Не менее эффективной оказывалась манипуляция самим объектом, использование его культурной истории (или ее отсутствия) для выражения конкретной политической позиции.
Показательно, например, каким образом представление об исключительной знаковости топографии Московского Кремля могло оказаться существенным фактором в политических баталиях эпохи дворцовых переворотов. В сложный период борьбы с попытками «верховников» ограничить самодержавную власть зимой 1730 года будущая императрица Анна Иоанновна виртуозно разыграла эту «кремлевскую карту». После приезда из Курляндии в Москву она остановилась в Кремлевском дворце, где оставалась вплоть до коронации. Именно здесь, в Кремле, 23 февраля 1730 года во время службы в Успенском соборе она наградила орденом Св. Екатерины свою сестру Екатерину Мекленбургскую, указав таким образом на возможное развитие идеи преемственности власти. Кремлевские соборы стали местом принесения Анне присяги высшими военными и статскими чинами, в Кремлевском дворце гвардейцы подали будущей императрице прошение о восстановлении самодержавия, и, наконец, 26 февраля 1730 года в Столовой палате Теремного дворца состоялась процедура подписания «общественностью» манифеста о «принятии самодержавства»[199]. Лишь после коронации императрица перебралась в более просторный и, несомненно, более удобный для нужд двора Головинский дворец[200]. Очевидно, что, если бы переезд состоялся раньше (или Анна с самого начала поселилась на Яузе), события могли принять совершенно иной оборот.
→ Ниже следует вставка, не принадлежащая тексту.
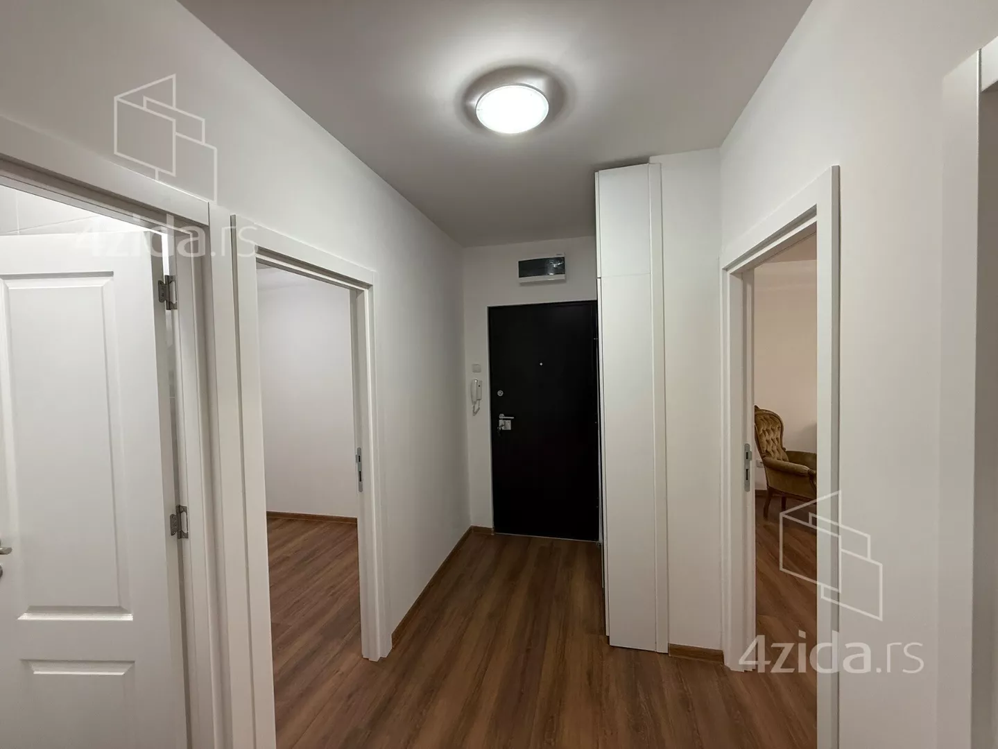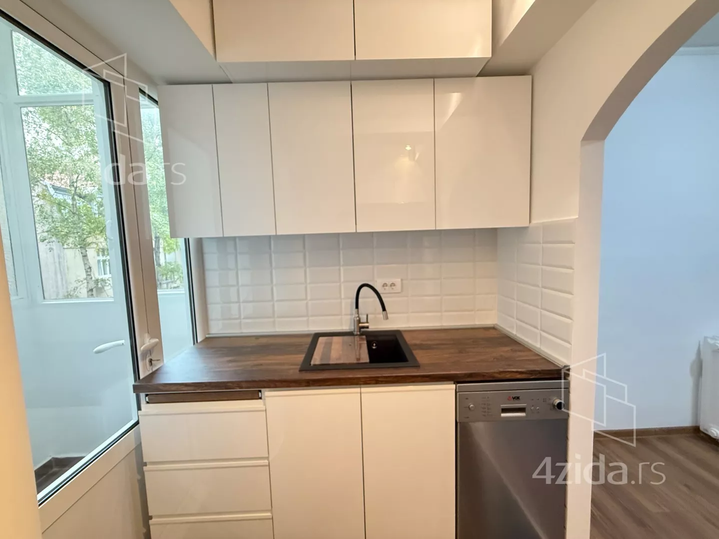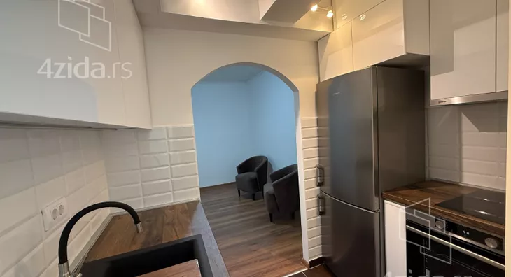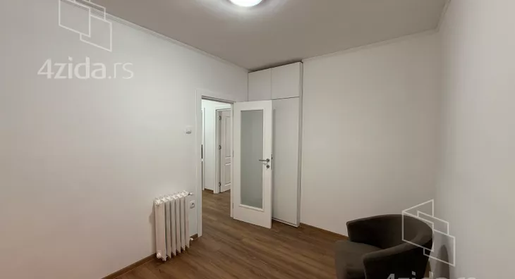 - Opremljenost: Polunamešteno - internet, klima, veš mašina, kuhinjski elementi, sudo mašina, frižider, zamrzivač, šporet, rerna, ležaj, plakar, ugradni plakar, kancelarijski nameštaj

В полной мере использовала традицию символической топографии и Екатерина II. Показательна, например, попытка создания рядом с Царским Селом городка под названием София (с закладкой Софийского собора по образцу Константинопольского)[201] или формирование резиденции Пелла. При этом если в первом случае речь шла о так называемом Греческом проекте и внешнеполитических амбициях, то во втором – о династических интенциях. Пелла, мыза на реке Неве недалеко от Санкт-Петербурга, принадлежавшая некогда тайному советнику И.И. Неплюеву, была превращена Екатериной в резиденцию, символическое значение которой не стоит недооценивать. Появившееся здесь после рождения великого князя Александра Павловича и обращенное символически именно к фигуре внука и возможного наследника императрицы дворцовое сооружение (И.Е. Старов, 1785–1789) было грандиозным по своему замыслу и восходило к образу древнемакедонской Пеллы, месту рождения Александра Македонского (Великого)[202].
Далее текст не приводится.